Вкус: Наука о самом малоизученном человеческом чувстве | страница 57



Однако при более тщательном рассмотрении мы обнаруживаем весьма поучительную историю для тех, кто хотел бы верить, что гены – это судьба. Если бы каждый человек с одним вариантом гена OR6A2 – назовем его вариант Х – любил кинзу, а каждый с вариантом Y ненавидел ее, это бы означало, что ген OR6A2 объясняет 100 процентов разницы в восприятии. Если бы любовь и ненависть к кинзе никак не зависели от наличия того или другого варианта, это бы значило, что ген OR6A2 объясняет 0 процентов разницы. Чем ближе к 100 процентам, тем сильнее влияние гена. Исследования показали, что наличие разных вариантов гена OR6A2 позволяет объяснить менее 9 процентов разницы в восприятии кинзы. Другими словами, ген OR6A2 очень мало говорит нам об отношении людей к этому продукту.

И так обстоят дела со многими обонятельными генами, как я убедился на собственном опыте, когда попросил Джоэла Мейнланда исследовать мой генетический профиль. Поскольку на настоящий момент изучено всего несколько генов обонятельных рецепторов с точки зрения их влияния на восприятие, Мейнланд не стал расшифровывать весь мой геном, а ограничился анализом присутствующих у меня вариантов этих нескольких рецепторных генов. Вскоре после этого разговора я посетил лабораторию Мейнланда и прошел серию ольфакторных тестов, где мне нужно было оценить интенсивность и приятность запахов, за восприятие которых отвечают эти гены.

Результаты оказались откровенно разочаровывающими. Взять, например, ген OR11A1. Кодируемый им обонятельный рецептор распознает вещество с земляным запахом под названием 2-этилфенхол, которое иногда проявляется в виде привкуса в пиве и газированных безалкогольных напитках. В человеческой популяции распространены три варианта (аллеля) этого гена, один из которых обеспечивает высокую чувствительность к 2-этилфенхолу, а два других – низкую чувствительность или вообще ее отсутствие. Исследование моего генома показало, что я обладаю двумя копиями чувствительного аллеля, что предположительно должно наделять меня повышенной чувствительностью к этому запаху.
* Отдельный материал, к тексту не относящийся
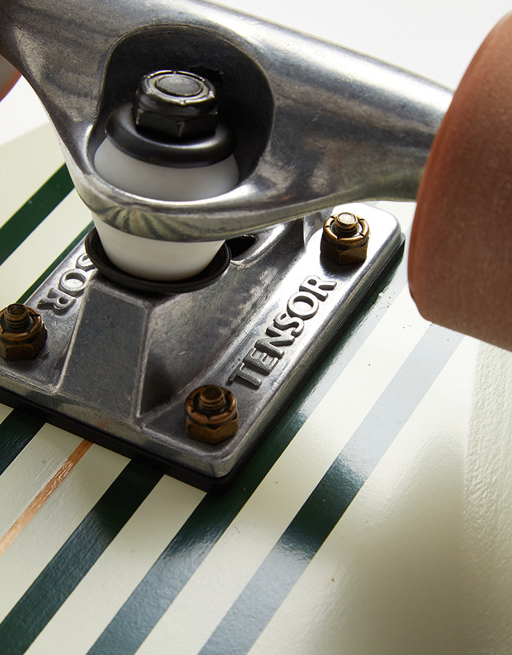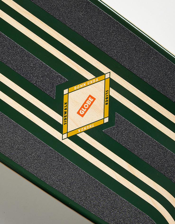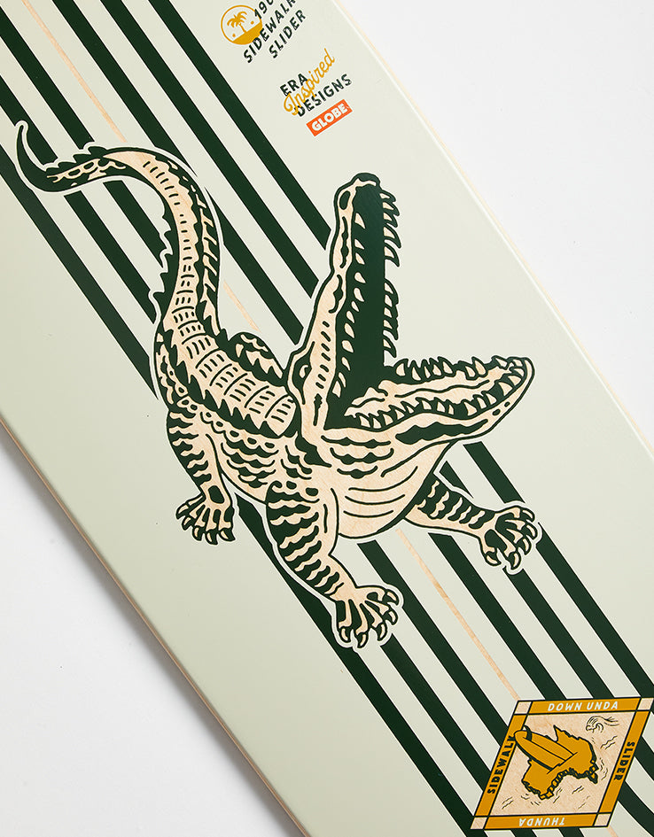 The Globe Sidewalk Slider Croc Cruiser Skateboard is fully set up and ready to hit the streets. Coming in at 8.25" wide the deck features a crocodile in the centre with green racing stripes below on an off-white background. It comes equipped with 4.25" Tensor alloy trucks, 58mm 85a Retro Flex Cruiser Wheels, Abec 7 bearings and Dei-cut griptape with top art.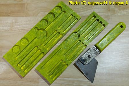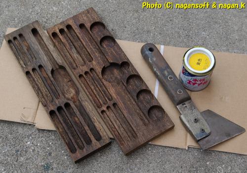 ついでに、スクレーパーのような道具1本も一緒に漬けていたので、そのグリップも同様にペーパー掛けしました。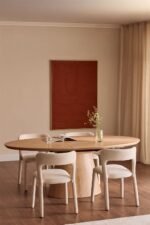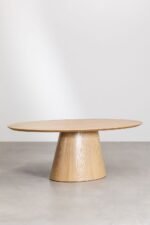 Elevate your dining space with this beautifully crafted oval dining table, designed with a sleek tapered pedestal base and a smooth, natural wood finish. Its sculptural silhouette adds a touch of modern sophistication, while the spacious oval top creates a warm and welcoming setting for family meals, festive gatherings, or stylish dinner parties. Perfect for contemporary, Scandinavian, and minimalist interiors, this table becomes an eye-catching centerpiece in any home.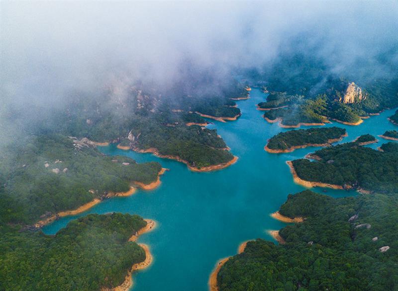 福建漳州烏山山脈,橫跨云霄縣、詔安縣、常山華僑經(jīng)濟(jì)開發(fā)區(qū)等縣區(qū)。位于常山華僑經(jīng)濟(jì)開發(fā)區(qū)境內(nèi)的烏山天池屬于烏山山脈的核心區(qū)。在這海拔700多米的高山上,一池面積約800畝的湖水被群山所環(huán)繞,山巍峨雄偉,水清秀柔美,山水交融,宛若一串綠色翡翠鑲嵌于群山之中,美如畫卷。
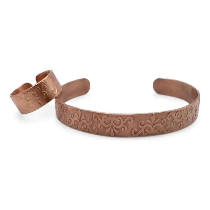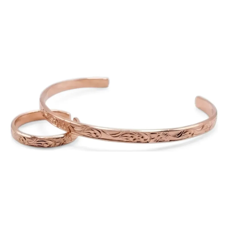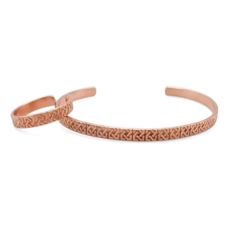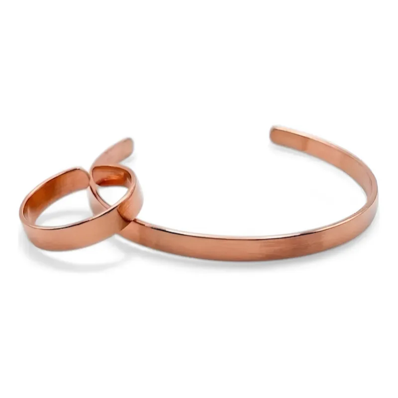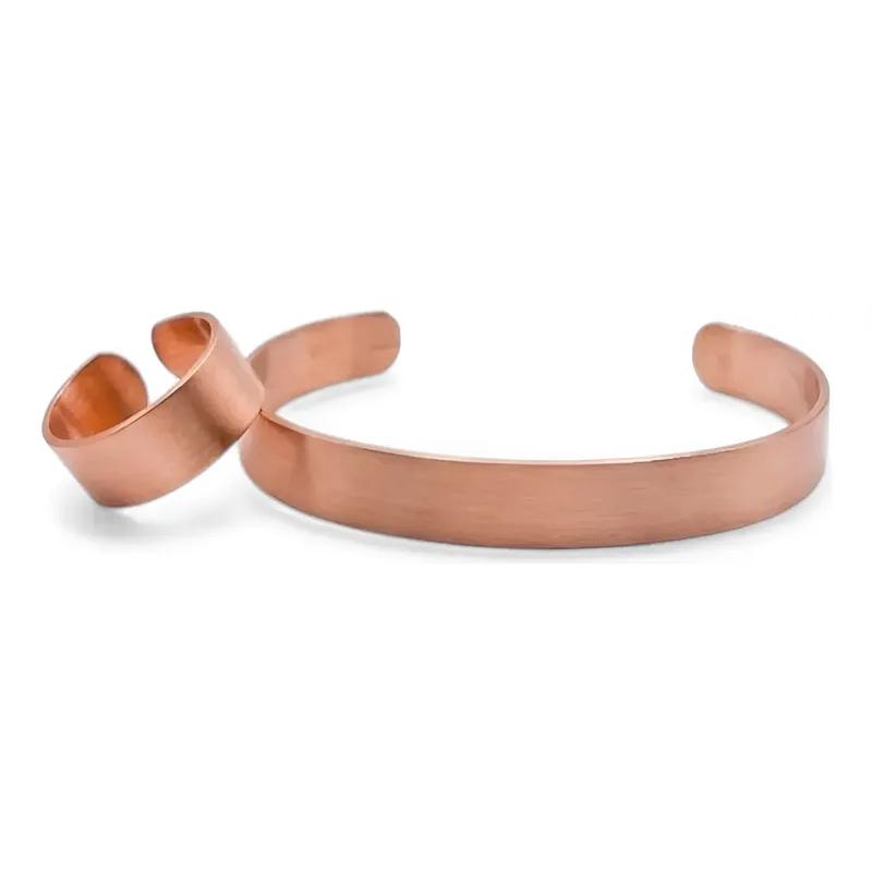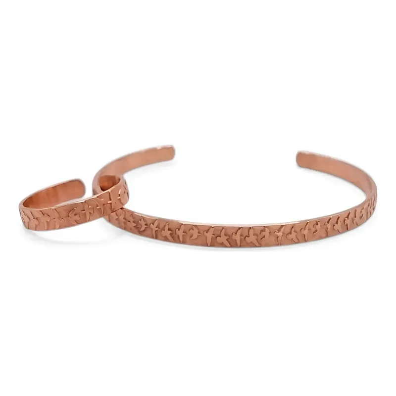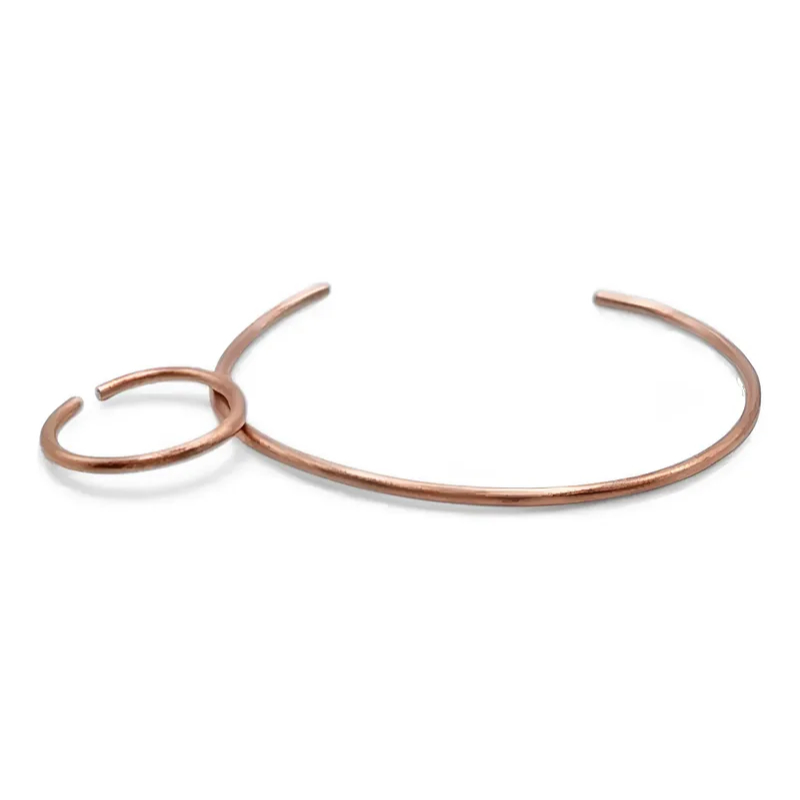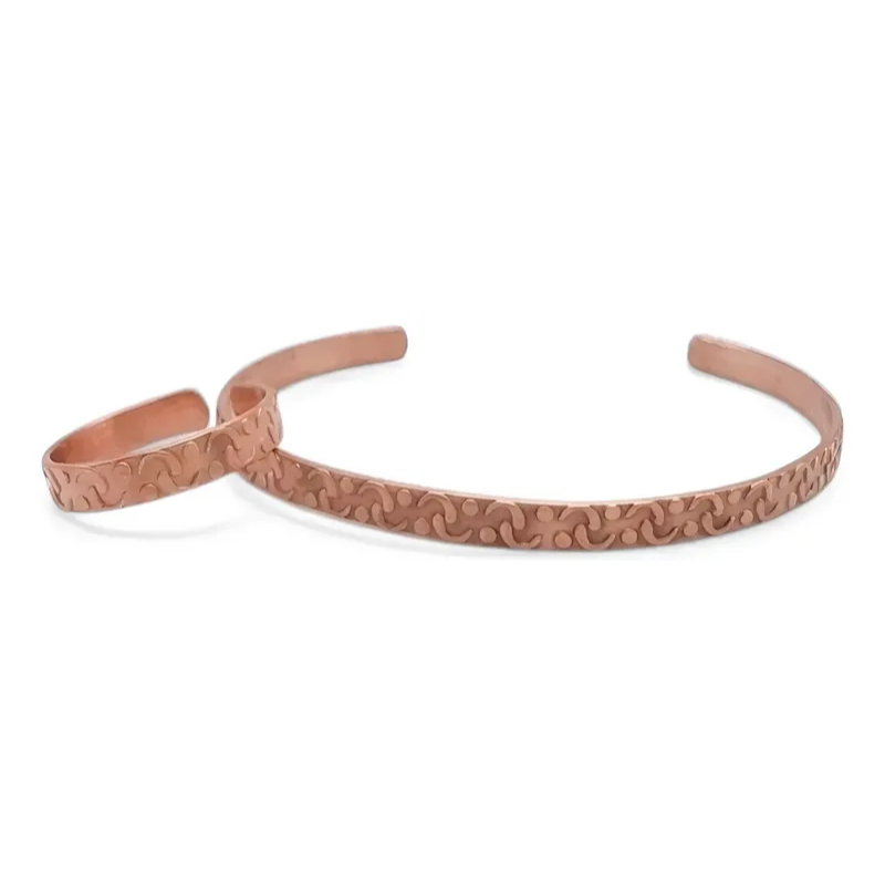Bracelete de Cobre Puro e Anel Bordado - 16Cm

И поскольку людям меньше нравятся сильные запахи, Мейнланд предположил, что я должен оценить тестовый образец 2-этилфенхола как менее приятный.

В действительности ни одно из этих предсказаний не сбылось. Я оценил интенсивность 2-этилфенхола по шкале от 0 (необнаруживаемый) до 7 (доминирующе интенсивный) на уровне 3,4 – что намного ниже 4,8, предсказанных Мейнландом. По шкале приятности я оценил его на 5,0 (видимо, мне нравится запах грязи), хотя по прогнозу Мейнланда я должен был оценить его на 3,2, то есть как неприятный. Другие пары генов и запахов, такие как OR10G4 и пахнущий дымом гваякол, OR11H7 и кисловатый сырный/потный запах изовалериановой кислоты, и OR5A1 и сильный цветочный запах бета-ионона, дали столь же обескураживающие результаты. Разумеется, некоторые соответствия все же были. Я являюсь носителем одной функциональной и одной поврежденной копии гена OR7D4, кодирующего рецептор, отвечающий за восприятие андростенона – вещества с запахом свиной мочи и трюфелей, которое изучал Высоцки. Это должно наделять меня умеренной чувствительностью к этому запаху и делать любителем трюфелей, коим я и являюсь на самом деле. К сожалению, такое соответствие обнаруживается не всегда. «Многие люди с двумя функциональными копиями этого гена не чувствуют запаха андростенона, – пояснил Мейнланд, – тогда как некоторые люди с двумя нефункциональными копиями хорошо его ощущают».